3

This relates to my previous question: Converting from nested lists to a delimited string

I have an external service that sends data to us in a delimited string format. It is lists of items, up to 3 levels deep. Level 1 is delimited by '|'. Level 2 is delimited by ';' and level 3 is delimited by ','. Each level or element can have 0 or more items. An simplified example is:
a,b;c,d|e||f,g|h;;

We have a function that converts this to nested lists which is how it is manipulated in Python.

def dyn_to_lists(dyn):  
    return [[[c for c in b.split(',')] for b in a.split(';')] for a in dyn.split('|')]

For the example above, this function results in the following:

>>> dyn = "a,b;c,d|e||f,g|h;;"
>>> print (dyn_to_lists(dyn))
[[['a', 'b'], ['c', 'd']], [['e']], [['']], [['f', 'g']], [['h'], [''], ['']]]

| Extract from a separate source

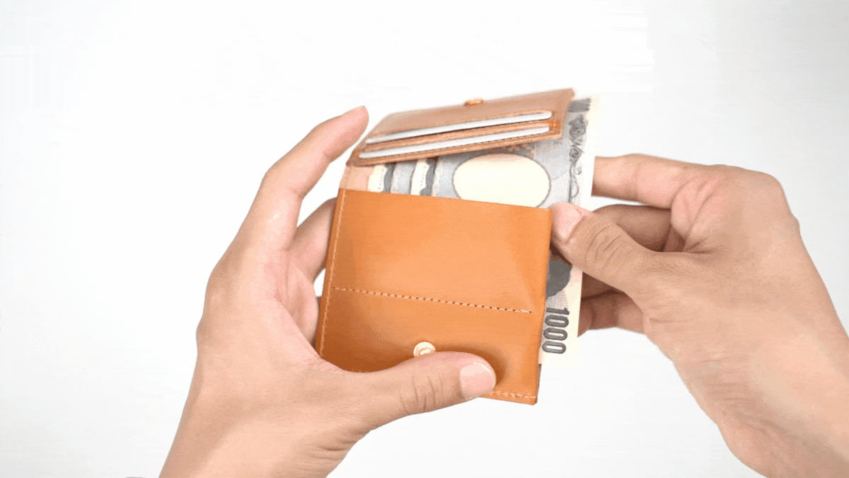 紙幣は全体を繋いでいる革で優しく畳まれるので折り目がつかず、取り出しも中央からサッと引き出すことが可能です。

For lists, at any level, with only one item, we want it as a scalar rather than a 1 item list. For lists that are empty, we want them as just an empty string. I've came up with this function, which does work:

def dyn_to_min_lists(dyn):
    def compress(x): 
        return "" if len(x) == 0 else x if len(x) != 1 else x[0]

    return compress([compress([compress([item for item in mv.split(',')]) for mv in attr.split(';')]) for attr in dyn.split('|')])

Using this function and using the example above, it returns (*see update below):

[[['a', 'b'], ['c', 'd']], 'e', '', ['f', 'g'], ['h', '', '']]

Being new to Python, I'm not confident this is the best way to do it. Are there any cleaner ways to handle this?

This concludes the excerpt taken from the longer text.